Standard Elixir boolean operators like `and`, `or`, and `not` can be used to
combine and group multiple alarms. This is an easy way to create an alarm that
tracks exactly what you want.

```elixir
defmodule IntensityThresholdAlarm do
  use Alarmist.Definition

  defalarm do
    (Alarm1 or Alarm2) and intensity(FlakyAlarm, 5, 10_000)
  end
end
```

## Example

The following example shows how to define an alarm that WiFi is unstable based
on a alarm that says when WiFi is down. This is a real life example of an
embedded device with an expensive backup cellular connection.

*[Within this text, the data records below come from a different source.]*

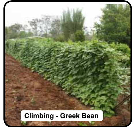
Climbing - Greek Bean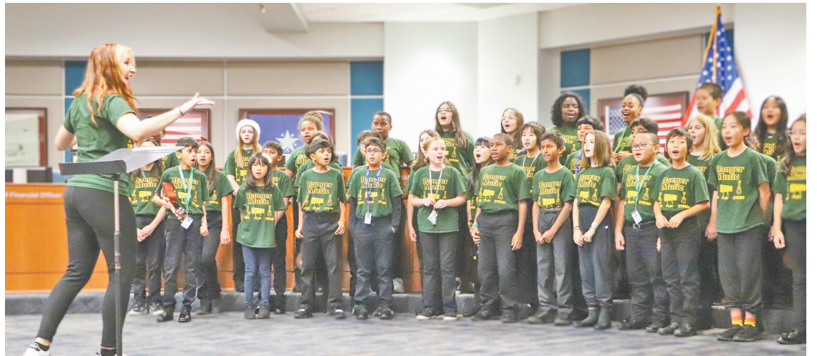
The WoodCreek Elementary choir.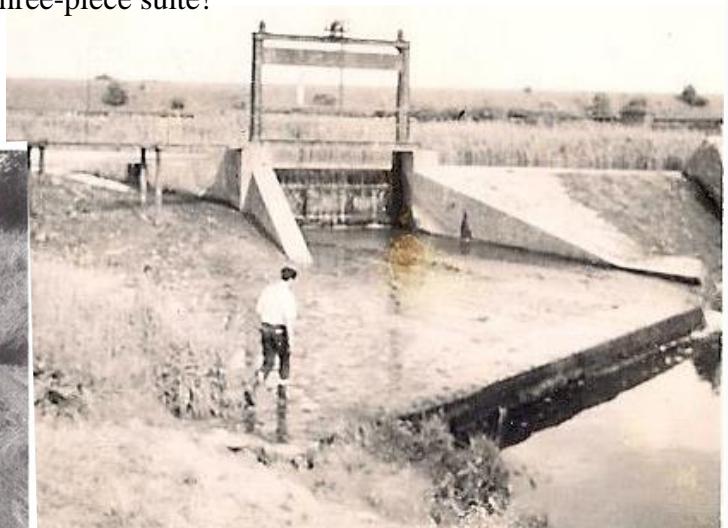
Above: Guillotine sluice gate at Eye Kettleby Lock circa 1950s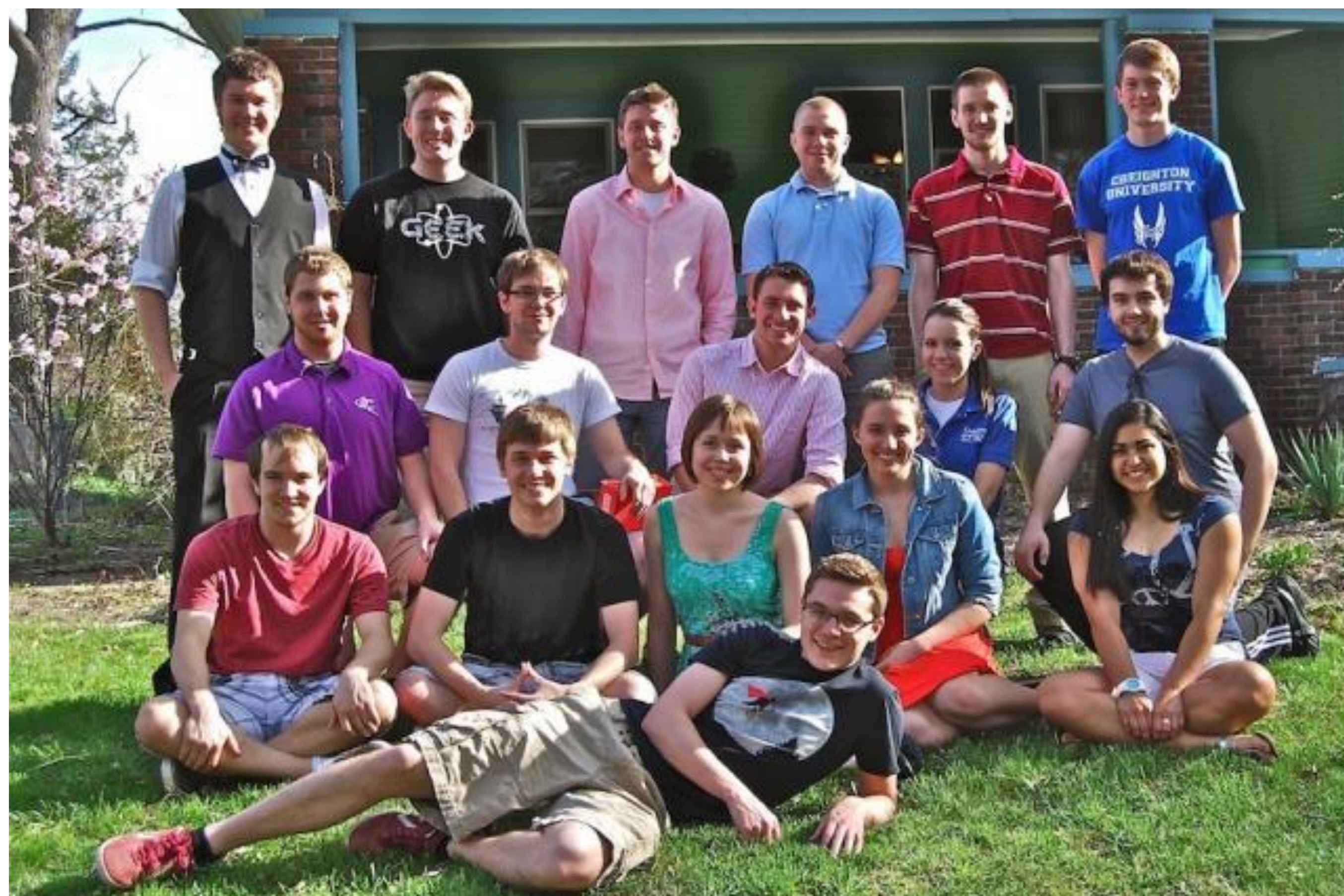
Physics Majors, 2012-2013

and the theme for the 2014 Department Retreat is “What is Progress?”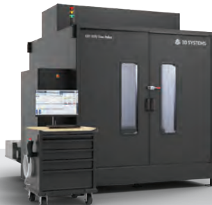
EXT 1070 Titan Pellet / LT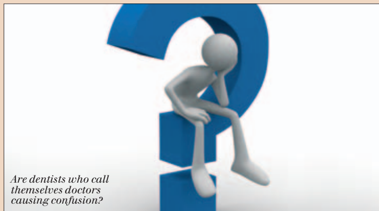
Are dentists who call themselves doctors causing confusion?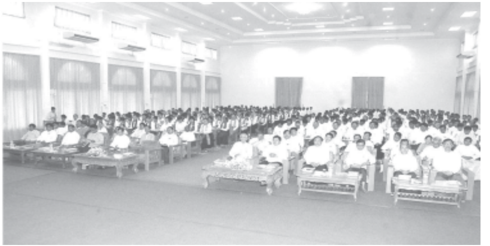
Minister for Education Dr Chan Nyein addresses the basic education school management refresher course No. 1/2009.

NAY PYI TAW, 27 April — Basic education school management refresher course No 1/2009 sponsored by the Ministry of Education was opened here this morning, with an opening address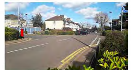
View of the street from the front entrance

A lovely neighborhood great for walks and calmer streets. Close to public transportation. Spacious corner house, with newly built garage, 5 bedrooms, 2 reception rooms, brand new fitted kitchen and 2 integral staircases.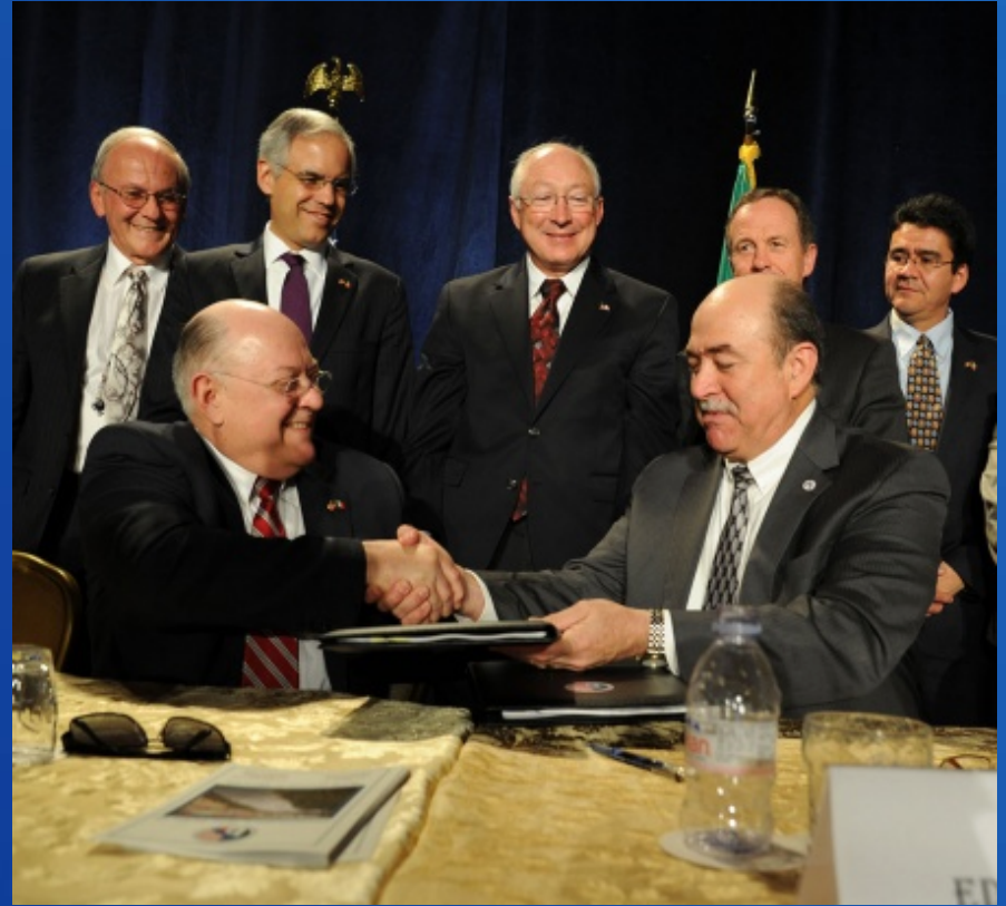
Signing of Minute 319 on November 20, 2012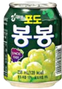
43001 GRAPE JUICE 24*238ML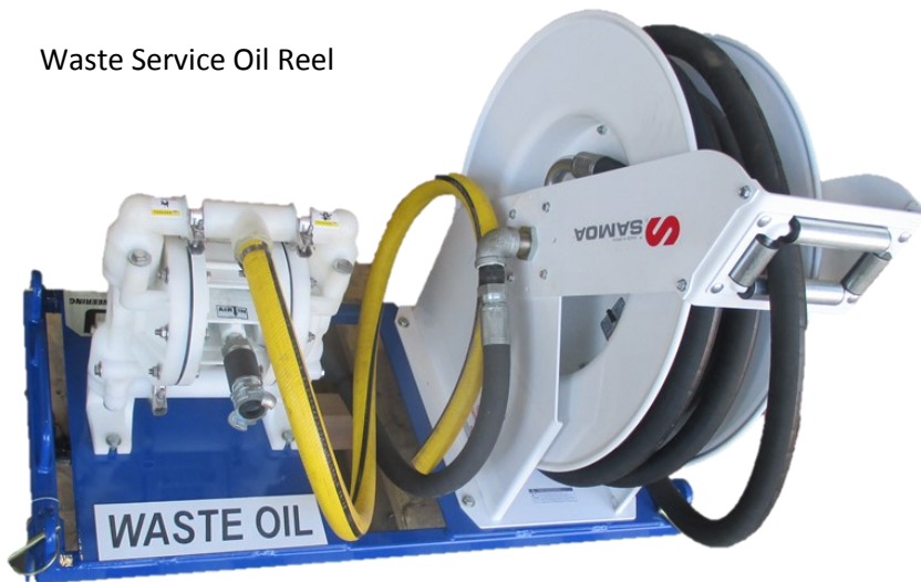
Waste Service Oil Reel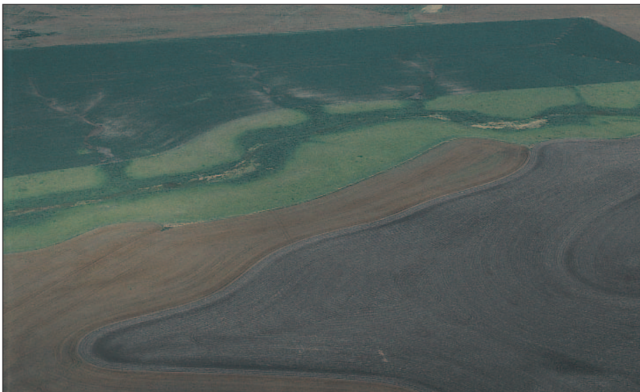
A filter strip helps keep sediment and farm chemicals out of this small stream.

When it comes to grassed terraces, another CCRP catch phrase, "Farm the Best and Buffer the Rest," clearly applies. In many cases, terrace construction has excavated less productive subsoils that now comprise much of the terrace ridge. Consider also that rains run off terrace ridges, snow blows off them, and their elevation exposes them to desiccating winds during the growing season. Particularly where moisture is limited, these factors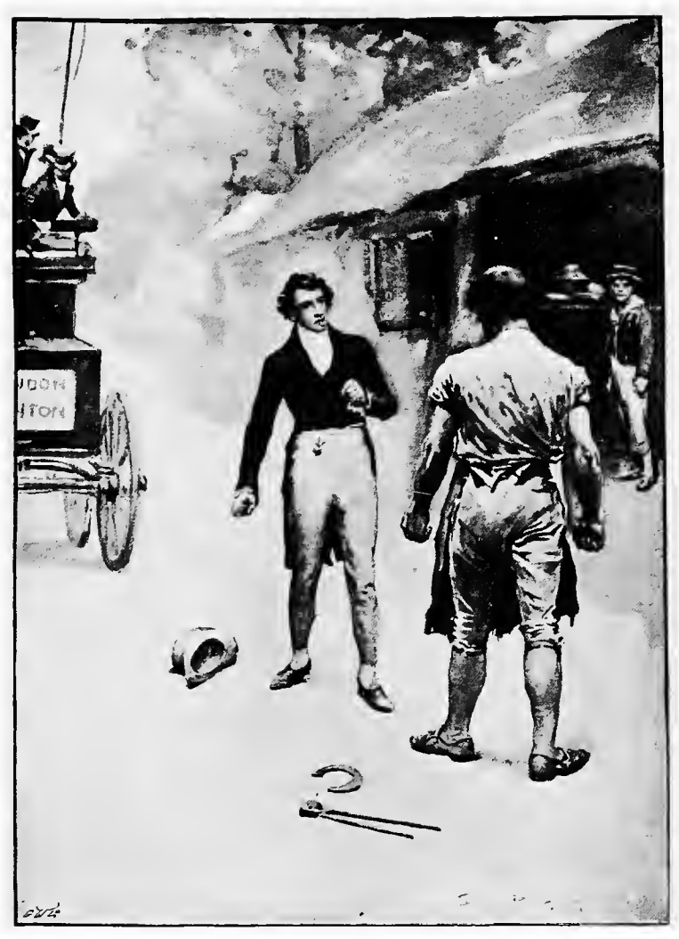
1 SAW HIM LOOK HARD AT HIS ANTAGONIST.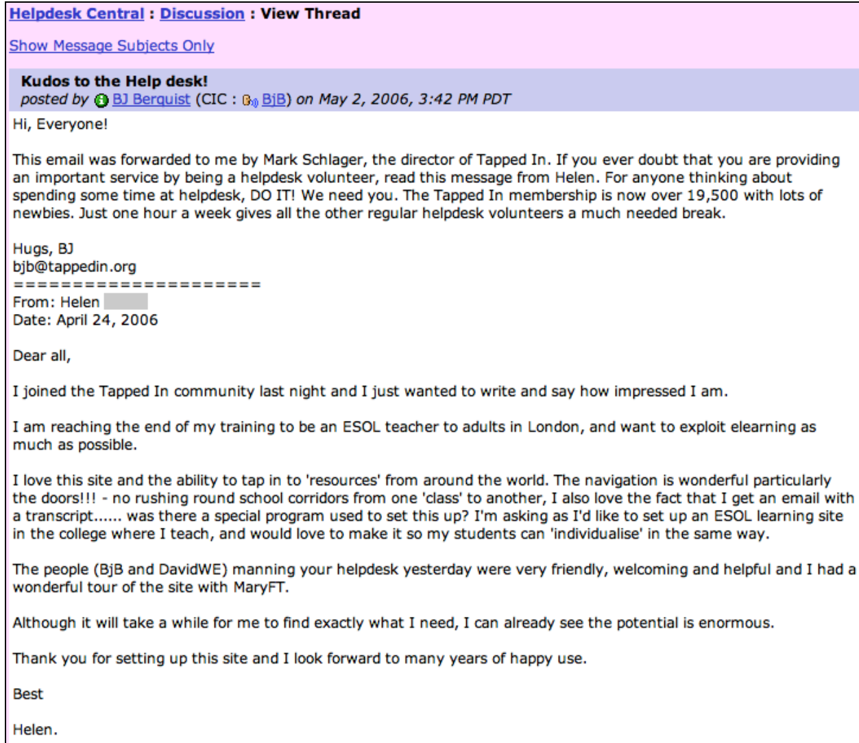
Figure 4. An example of positive feedback flowing through the close-knit Tapped In team and volunteer Help Desk community.

The Help Desk volunteers are so much a part of the design cycle and so in tune with the community that they recently (October 2005) noticed a slight decrease in ASO session attendance and alerted Tapped In staff. Tapped In staff called a meeting of all interested members and held a brainstorming session about what could be done. Some members hypothesized that new technologies (e.g., audio or video capabilities, blogging tools, or a new look and feel) might make Tapped In more useful and interesting to members. Others thought that Tapped In was just fine as it was, but that more outreach needed to be done by staff and volunteers. The solution will most likely require social infrastructure improvement, but new technologies also might help. The important thing is that through the mechanisms we have set up, developed, and allowed to grow organically, the community brings these issues to the attention of the Tapped In staff as they arise.

WiFi can be flaky,
though, so you wouldn't want to turn on the cellular connection right when WiFi
goes down since that might be a hiccup.

The following code defines a synthetic alarm for unstable WiFi,
`Demo.WiFiUnstable`. The timeouts are short to make it easier to copy/paste into
an IEx prompt and manually run.

```elixir
defmodule Demo.WiFiUnstable do
  @moduledoc """
  Alarm for when WiFi bounces too frequently
  """
  use Alarmist.Definition

  # WiFi must be down for at least 15 seconds or flapped 2 times in 60 seconds
  defalarm do
    debounce(Demo.WiFiDown, :timer.seconds(15)) or
      intensity(Demo.WiFiDown, 2, :timer.seconds(60))
  end
end

defmodule Demo do
  @moduledoc """
  Helpers for setting and clearing alarms
  """
  def wifi_down() do
    :alarm_handler.set_alarm({Demo.WiFiDown, []})
  end

  def wifi_up() do
    :alarm_handler.clear_alarm(Demo.WiFiDown)
  end

  def wifi_flap() do
    wifi_down()
    wifi_up()
    wifi_down()
    wifi_up()
  end
end
```

Now that we have alarm logic and helpers defined the synthetic alarm needs to be
registered:

```elixir
  # ... normally in an Application.start or other code that runs on init ...
  Alarmist.add_synthetic_alarm(Demo.WiFiUnstable)
```

Then subscribe for notifications:

```elixir
  # ... normally in the GenServer with the remediation code...
  Alarmist.subscribe(Demo.WiFiUnstable)
```

Finally, we can exercise setting and clearing the alarm:

```elixir
iex> Demo.wifi_flap
:ok
iex> flush
%PropertyTable.Event{
  table: Alarmist,
  property: [Demo.WiFiUnstable, :status],
  value: :set,
  timestamp: -576460718306150542,
  previous_value: nil,
  previous_timestamp: nil
}
:ok
# Wait ~60 seconds
iex> flush
%PropertyTable.Event{
  table: Alarmist,
  property: [Demo.WiFiUnstable, :status],
  value: :clear,
  timestamp: -576460658305612233,
  previous_value: :set,
  previous_timestamp: -576460718306150542
}
```

NOTE: The event format will likely change in the future to avoid exposing that
Alarmist uses the PropertyTable library internally.

## License

Alarmist is licensed under the Apache License, Version 2.0.